First "proper" serving and one of my favorite this evening; cold smoked and cured wild salmon from Vindel River in northern Sweden served with frozen horseradish cream and a crumble with pickled spruce shoots. true Scandinavian flavors and the spruce gave the dish a touch of the forrest. What a superb dish. 

Next leek from Rosendal with grated pork cheek and onion broth. I could easily have drunk liters of this intense, tasty stock.

The quality of the Scallops from Hitra was out of this world. Seared to perfection and served with a creme of the roe sack, cauliflower and brown butter seasoned with the above mentioned home made soy. If you read my blog post http://esurientem.blogspot.ae/2012/10/dinner-at-home-241012.html I cooked a dish not far from this. It would be insane to think that a michelin-starred restaurant would get inspiration from my blog but nonetheless flattering.

Even though monkfish has never been a favorite of mine the next dish was great. Served with a rich jus of monkfish, chanterelles and roasted corn.

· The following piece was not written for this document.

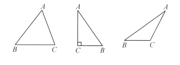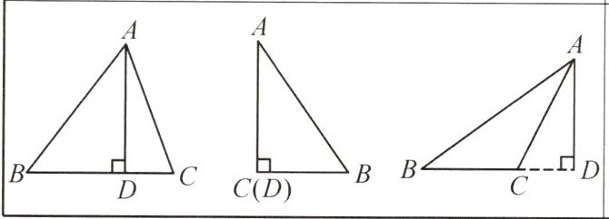 结论:任意三角形都有____条高,且三条高所在的直线相交于同一点。锐角三角形三条高的交点在它的____部;直角三角形的三条高的交点在它的____上,钝角三角形的三条高的交点在它的____部。

Beef from Älmhult (same town as the first Ikea store) served with beetroot and cress. Another tasty dish but a bit anonymous compared to the rest. Do I need to say it was a perfect match with my herbaceous syrah? 

Cheese board

A trio of gooseberry came next, crisp, jelly and finally a compote of the berry with its sorbet, raw celery and milk. The last brought back memories to my grandmother when she used to do various compotes and serve it with milk. Yummy.

Ice cream of sorrel with peas and dill.

The final dessert was beetroot puree with milk sorbet, cherries and caraway. So, so good.

For once I skipped the coffee but not the goodies that was meant to be served with the black brew; miniature sponge cake of lavender and blueberries with honey. Once again no photo, sorry.

Next time I visit my home town I will definitely visit Gastrologik's easier going restaurant Speceriet wall to wall to the fine dining restaurant.

24 January 2013

Dinner at Home 03.01.13

This evening I and C had the pleasure to invite M. Albrektsson and his lovely fiancé for a dinner. M who is a great chef and blogger was visiting Dubai for a few days so a dinner at home was obvious.
We were all a bit "tired" after the previous night in Zuma but after the first sip of NV Bollinger Rosé we were back to life. A rich, food-driven champagne that worked perfectly both as a aperitif and along with the first dish.

A pure mouthful of the ocean was my plan with this serving. Lightly seared, sliced scallop with oyster, seaweed, salicorn, avocado, dill-pickled cucumber and oyster vinaigrette. Fresh start.

Home made ravioli that i filled with dried mushroom, ricotta, nutmeg and shallot. Small pieces of bread crouton to add texture, brown butter to match the oak flavors from the wine and then topped with a generous amounts of white Alba truffle.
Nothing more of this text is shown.